Subject: Strange experience in evaluating the value of a matrix

From: Eric Sampson

Date: 27 Jun, 2013 18:14:06

Message: 4 of 6

"Timothy Siahaan" <timmy_fisika_ugm_99@yahoo.co.id> wrote in message <kqhq2u$rbk$1@newscl01ah.mathworks.com>...
> The question from E. Sampson is "Timothy, I don't exactly understand what you are doing, but I'm curious - why is 'eval' required in either case? What happens if you remove eval() in both cases and try the code again?"
>
> I am trying to explain now. May be a bit boring, but if you are curious, kindly read it:
> Actually what I am doing is to find a fit of my data to a model I am proposing. The model is described by a function with 5 parameters x1,x2,x3,x4,x5. Let say the function is A(t)=A(t,x1,x2,x3,x4,x5) (t is the experiment variable) and my data is C(t).
> To do the fitting, I minimize the function f=f(x1,x2,x3,x4,x5) defined as
> f=sum over t of (C(t)-A(t,x1,x2,x3,x4,x5))^2.
> The condition of f to be minimized is that its partial derivatives vanish. However, the function is long and hand calculation to derive it is already tiring. To make life simple, I use matlab to calculate the derivative. For that, I just simply use the command
> syms x1 x2 x3 x4 x5 real
> followed by defining the g1,g2,g3,g4,g5 as I mentioned below. The values of the parameters x1,x2,x3,x4,x5 that makes the value of g1,g2,g3,g4,g5 are the values I am looking for:they minimize f.
> For that, I use the Newton Raphson method, so I need to calculate the Jacobian of the functions g1,g2,g3,g3,g4,g4 with respect to x1,x2,x3,x4,x5, again with the help from Matlab. In the calculation, the iteration gives requires me to evaluate the values of g1,g2,g3,g4,g5 and the Jacobian at a given set x1,x2,x3,x4,x5.
>
> That is why I use 'eval': given the values of x1,x2,x3,x4,x5, i need to find the value of the Jacobian. For that, I use
> eval(Jac)
> where Jac is the Jacobian.
>
> However, as I mentioned, defining the numerical value of Jac as JacVal via
> JacVal=eval(Jac)
> seems like torturing my computer, while doing
> for a=1:5
> for b=1:5
> JacVal(a,b)=eval(Jac(a,b));
> end
> end
> seems to be more favorable for the computer.
>
> Thank you for your attention
>
> Timothy
>
Thanks for the clearer explanation, your mention of SYMS makes things much clearer. I am not a user of the Symbolic Toolbox so I could be way off base, but look up the documentation for the SUBS function and give it a try instead of EVAL, and see if that helps...

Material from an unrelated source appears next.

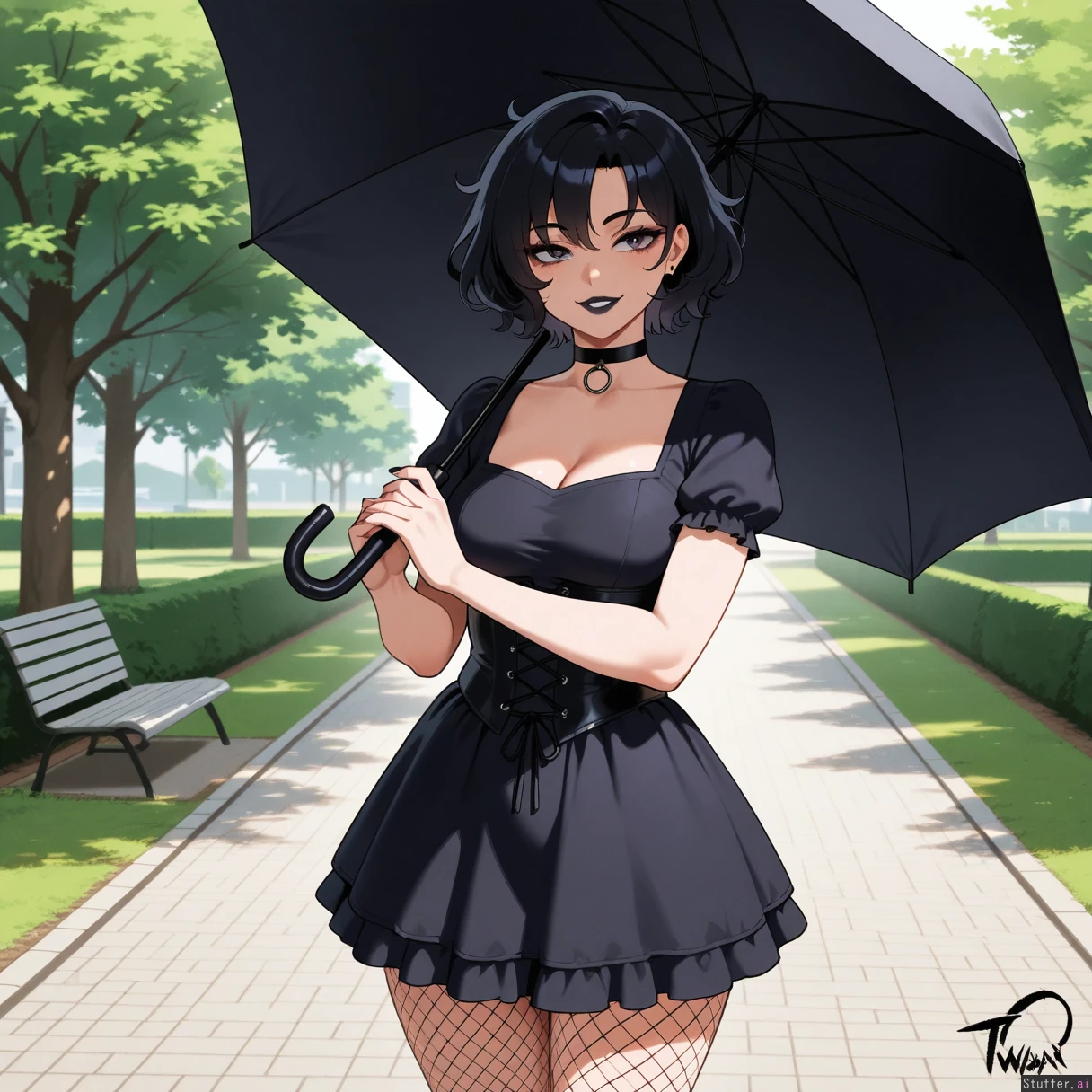 perfect anatomy, beautiful face, beautiful eyes, Masterpiece, best_quality, beautiful, vibrant colors, dim light, (1girl), alone, Tweedabop(artist), betterwithsalt(artist), nyantcha(artist), perfect hands, front view, dynmaic pose, goth girl, short hair, black hair, messy hair, purple eyes, black lipstick, black choker, black corset, black dress, fishnet leggings, holding black umbrella, park, day, happy, ((wide hips, fat ass, gigantic thighs, overweight):0.5)
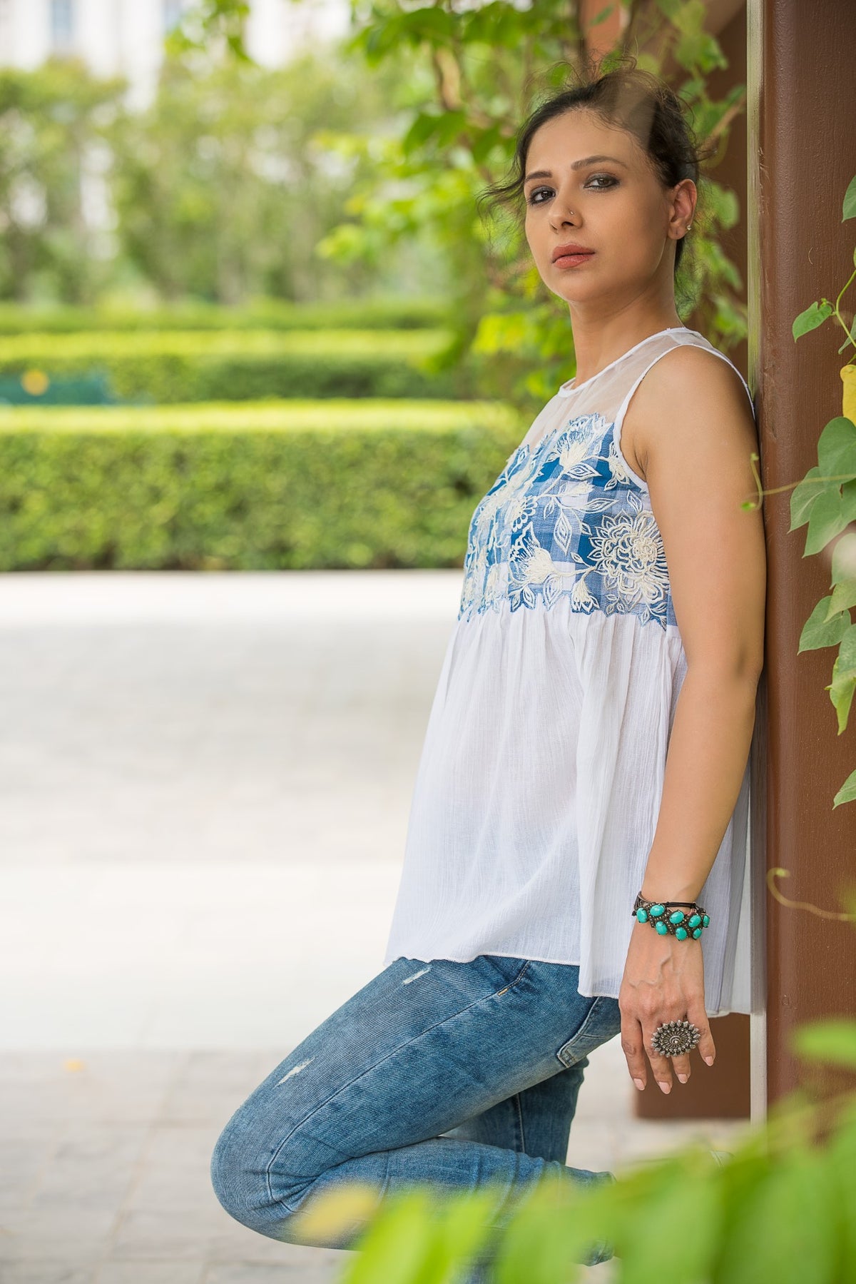 Yoke in Organza and blue gingham patterned cotton accentuated with intricate embroidery. Round neck with back button closure, finished with white banding.

Subject: Strange experience in evaluating the value of a matrix

From: Timothy Siahaan

Date: 27 Jun, 2013 18:20:37

Message: 5 of 6

Actually, before trying 'eval', I also tried 'subs'. They both do the same.

This is weird. I am still working on it.
"Eric Sampson" wrote in message <kqhvde$d7s$1@newscl01ah.mathworks.com>...
> "Timothy Siahaan" <timmy_fisika_ugm_99@yahoo.co.id> wrote in message <kqhq2u$rbk$1@newscl01ah.mathworks.com>...
> > The question from E. Sampson is "Timothy, I don't exactly understand what you are doing, but I'm curious - why is 'eval' required in either case? What happens if you remove eval() in both cases and try the code again?"
> >
> > I am trying to explain now. May be a bit boring, but if you are curious, kindly read it:
> > Actually what I am doing is to find a fit of my data to a model I am proposing. The model is described by a function with 5 parameters x1,x2,x3,x4,x5. Let say the function is A(t)=A(t,x1,x2,x3,x4,x5) (t is the experiment variable) and my data is C(t).
> > To do the fitting, I minimize the function f=f(x1,x2,x3,x4,x5) defined as
> > f=sum over t of (C(t)-A(t,x1,x2,x3,x4,x5))^2.
> > The condition of f to be minimized is that its partial derivatives vanish. However, the function is long and hand calculation to derive it is already tiring. To make life simple, I use matlab to calculate the derivative. For that, I just simply use the command
> > syms x1 x2 x3 x4 x5 real
> > followed by defining the g1,g2,g3,g4,g5 as I mentioned below. The values of the parameters x1,x2,x3,x4,x5 that makes the value of g1,g2,g3,g4,g5 are the values I am looking for:they minimize f.
> > For that, I use the Newton Raphson method, so I need to calculate the Jacobian of the functions g1,g2,g3,g3,g4,g4 with respect to x1,x2,x3,x4,x5, again with the help from Matlab. In the calculation, the iteration gives requires me to evaluate the values of g1,g2,g3,g4,g5 and the Jacobian at a given set x1,x2,x3,x4,x5.
> >
> > That is why I use 'eval': given the values of x1,x2,x3,x4,x5, i need to find the value of the Jacobian. For that, I use
> > eval(Jac)
> > where Jac is the Jacobian.
> >
> > However, as I mentioned, defining the numerical value of Jac as JacVal via
> > JacVal=eval(Jac)
> > seems like torturing my computer, while doing
> > for a=1:5
> > for b=1:5
> > JacVal(a,b)=eval(Jac(a,b));
> > end
> > end
> > seems to be more favorable for the computer.
> >
> > Thank you for your attention
> >
> > Timothy
> >
> Thanks for the clearer explanation, your mention of SYMS makes things much clearer. I am not a user of the Symbolic Toolbox so I could be way off base, but look up the documentation for the SUBS function and give it a try instead of EVAL, and see if that helps...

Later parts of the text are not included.